Tuesday, April 26, 2022

Python - Handle CSV file and pandas (Day 25)

This is a 100 Days challenge to learn a new language (Python). 100 Days of Code - The Complete Python Pro Bootcamp 

I will post some notes to motivate myself to finish this challenge.


Read a CSV file



Using readlines of file object

Ex:
# Open file
with open("./weather_data.csv", encoding="utf-8") as csv_file:
    # Using readlines function of file object
    # to read all the lines of a file in a list
    data = csv_file.readlines()
    print(data)

Result:
 [
'day,temp,condition\n',
'Monday,12,Sunny\n',
'Tuesday,14,Rain\n',
'Wednesday,15,Rain\n',
'Thursday,14,Cloudy\n',
'Friday,21,Sunny\n',
'Saturday,22,Sunny\n',
'Sunday,24,Sunny'
]

According to the result, we need to spend lots of efforts to clean up the data (comma or newline character) before analyzing it.


Utilize csv module



The csv module implements classes to read and write tabular data in CSV format.

Ex:
import csv

# Open a file
with open("./weather_data.csv", encoding="utf-8") as csv_file:
    # csv.reader() will return a reader object
# which will iterate over lines
    data = csv.reader(csv_file)

    # Go through each line
    for row in data:
        print(row)

Result:
 ['day', 'temp', 'condition']
   ['Monday', '12', 'Sunny']
   ['Tuesday', '14', 'Rain']
   ['Wednesday', '15', 'Rain']
   ['Thursday', '14', 'Cloudy']
   ['Friday', '21', 'Sunny']
   ['Saturday', '22', 'Sunny']
   ['Sunday', '24', 'Sunny']

Now the result looks much better.

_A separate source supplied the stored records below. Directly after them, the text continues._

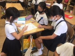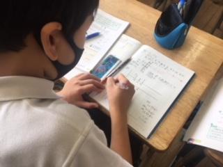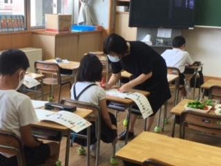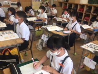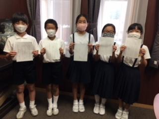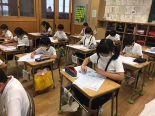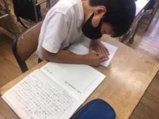 1学期末に、4年生が、冷感マスクを送って下さった町教育委員会の皆様に向けて、お礼の手紙を書きました。国語科の「お礼の気持ちを伝えよう」の学習で学んだ「初めの挨拶・本文・結びの挨拶・後付け」という手紙の型を確かめながら、一文字ずつ気持ちを込めて書いていました。担任確認の上送付するので、お届けするのは夏休み明けになりますが、津幡小学校の代表としての気持ちを受け取っていただけるといいですね。
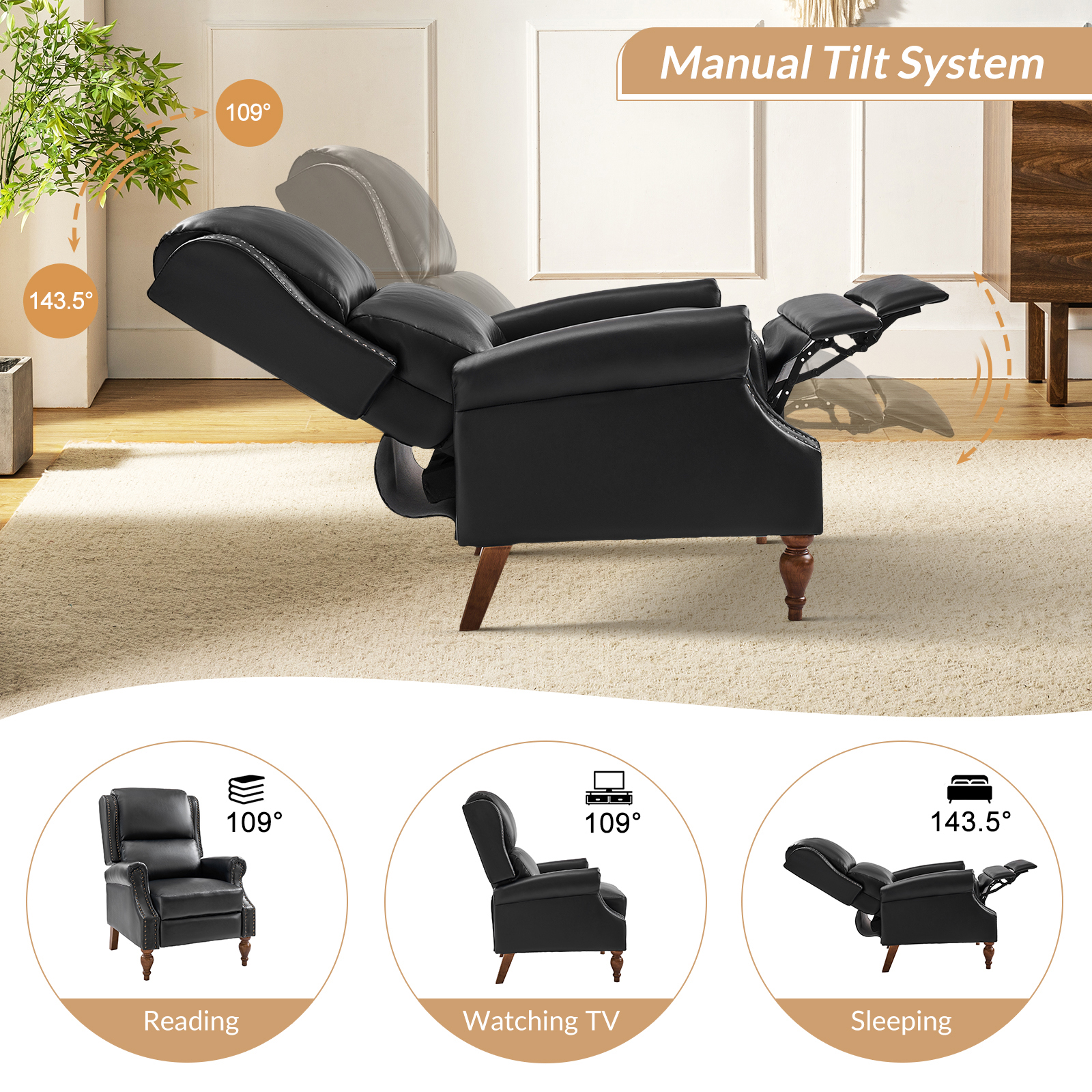 This recliner combines high-quality vegan leather with elegant details, like the roll arm design and nailhead accents, to create a piece that’s both beautiful and functional. The sturdy solid wood spindle legs ensure durability, while the distinctive wingback provides extra support and a touch of traditional charm.
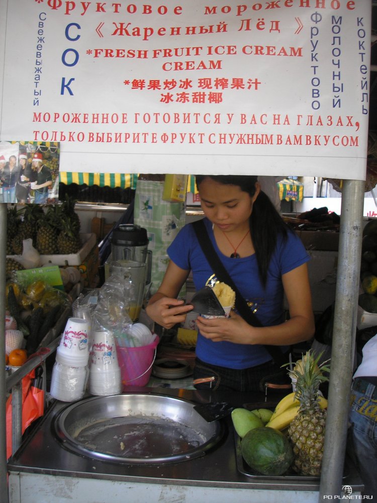 В баре народу миллион! Русские, китайцы. Причем русские в основном девчонки, а китайцы – парни. Сели за столик, осмотрелись, заказали бутылку водки «Один дома» (15 юаней) и фруктовое ассорти (45 юаней) и покатило….
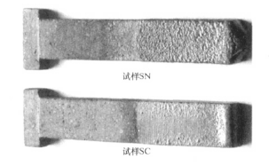 圖5為抗渣試驗(yàn)后試樣外觀照片。可以看出,肉眼觀察試樣SC和SN未見(jiàn)侵蝕,試樣SC表面附著很薄的一層渣,試樣SN表面的掛渣略多。圖6為試樣靠近渣面的SEM照片。可以看出,試樣SC表面輕微滲透,內(nèi)部與表面基質(zhì)均勻:試樣SN表面約為1mm的熔渣滲透層。
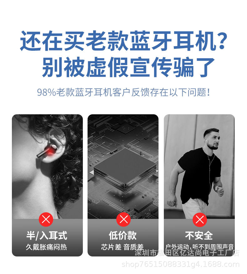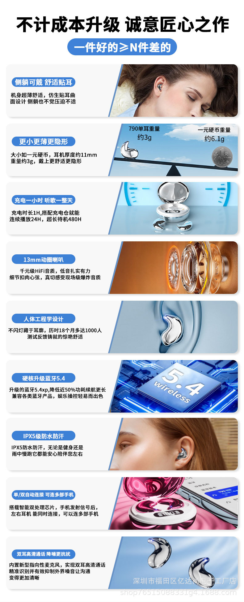 새로운 블루투스 헤드셋, 얇고 보이지 않는 미니 인이어 크로스보더 소음 감소, 측면 수면, 귀에 압력 없음, HIFI 디지털 디스플레이스토어 가기
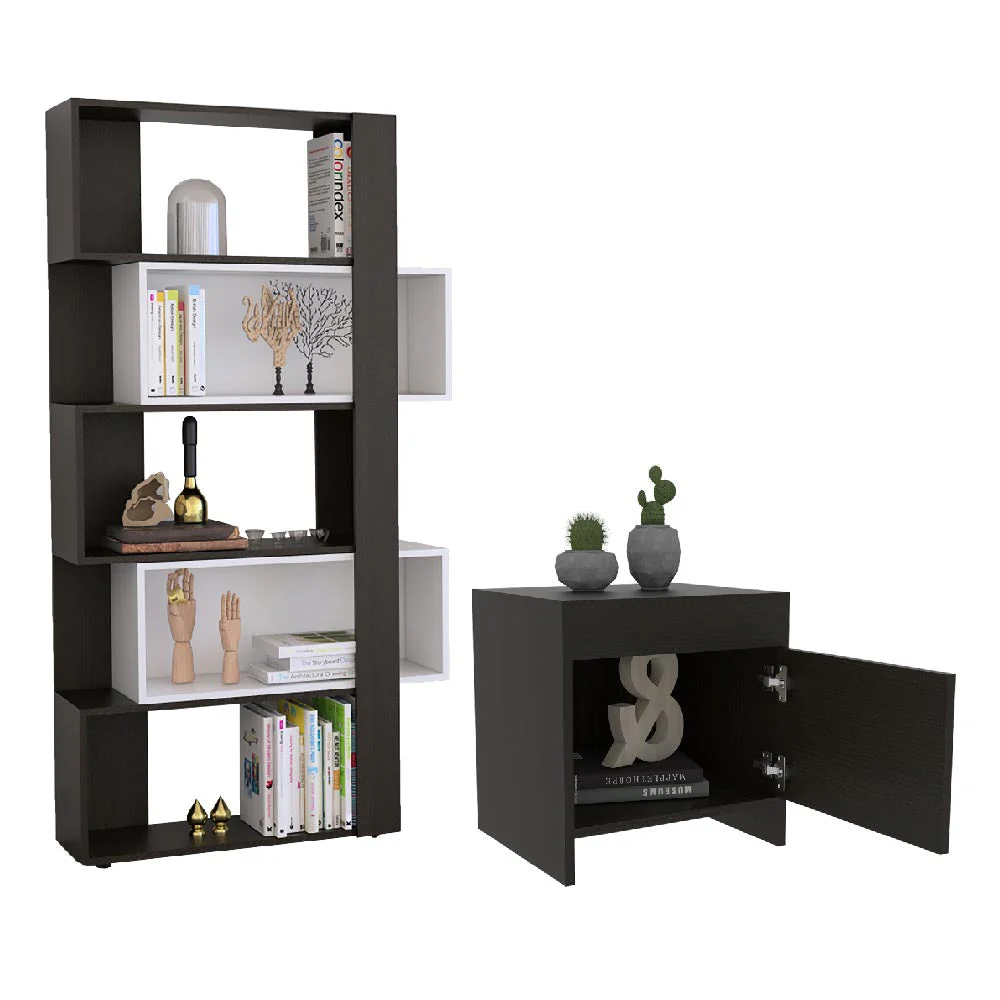 Elaborado en Madera aglomerada MDP, recubierta con láminas melamínicas de excelente calidad, en color Wengue y Blanco.
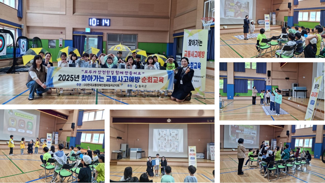 다부초등학교에서 '찾아가는 교통사고예방 순회교육' 실시 최고관리자 0 224 2025.05.09 13:40 다부초등학교에서 '찾아가는 교통사고예방 순회교육' 실시목적 : 어린이 교통사고 예방 및 안전교육 대상 : 다부초등학교 학생장소 : 다부초등학교일시 : 2025년 5월 8일(사)한국교통장애인협회 칠곡군 지회는 2025년 5월 8일 교통사고 예방을 위하여 다부초등학교에서 '찾아가는 교통사고예방 순회교육' 실시
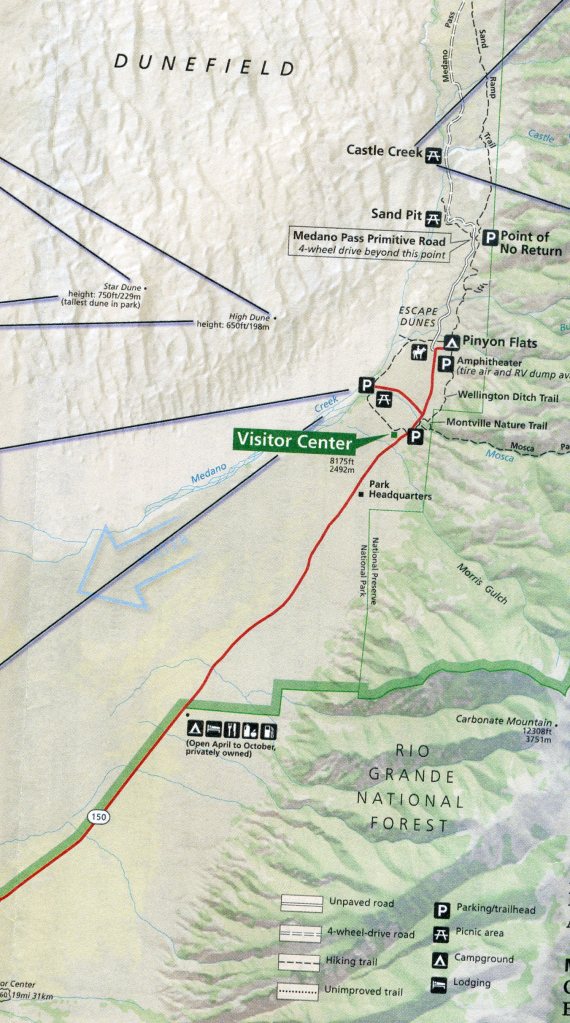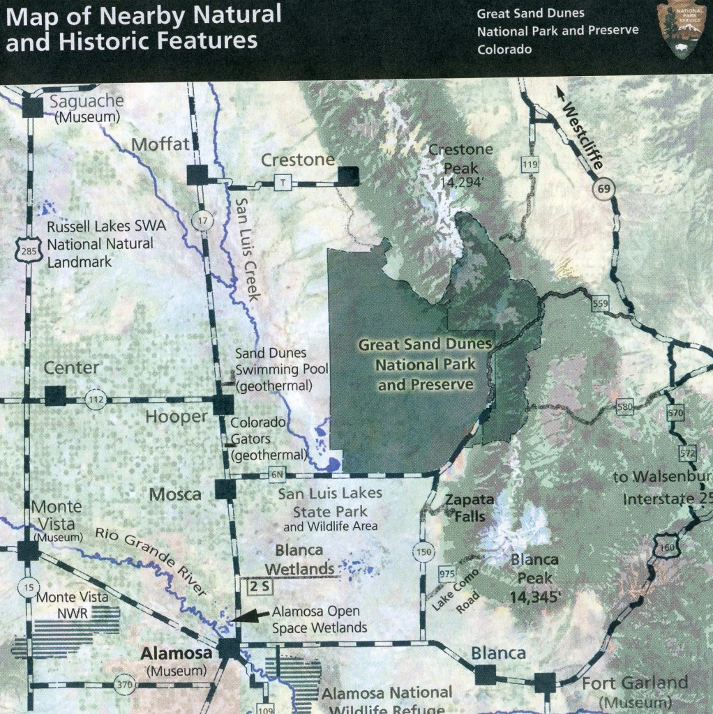 These wind-sculpted hills rise up suddenly, over 210 m high from the floor of the San Luis Valley, between the Rio Grande and the Sangre de Cristo mountains.

Using csv module save lots of our time.

But if we want to get all temperatures from the previous result and save them into a list. Is there any better way to handle it?

Ex:
import csv

# Open a file
with open("./weather_data.csv", encoding="utf-8") as csv_file:
    # csv.reader() will return a reader object
# which will iterate over lines
    data = csv.reader(csv_file)

    # Define a list
    temperature = []

    # Go through each line
    for row in data:
        # Skip csv header row
        if row[1] != "temp":
            # 1 is a magic number
            temperature.append(row[1])

print(temperature)

Result:
 ['12', '14', '15', '14', '21', '22', '24']


pandas Library



The code above looks long and tedious.

There are some libraries can save our time, and pandas module is popular.

Ex:
import pandas

# Read a comma-separated values (csv) file into DataFrame.
data = pandas.read_csv("weather_data.csv")

# Read temp column
print(data["temp"])

Result:
  0    12
  1    14
  2    15
  3    14
  4    21
  5    22
  6    24
  Name: temp, dtype: int64

Now the code looks cleaner.

That is why python developers always use pandas module (or other library) to deal with csv file no matter how easy the tasks.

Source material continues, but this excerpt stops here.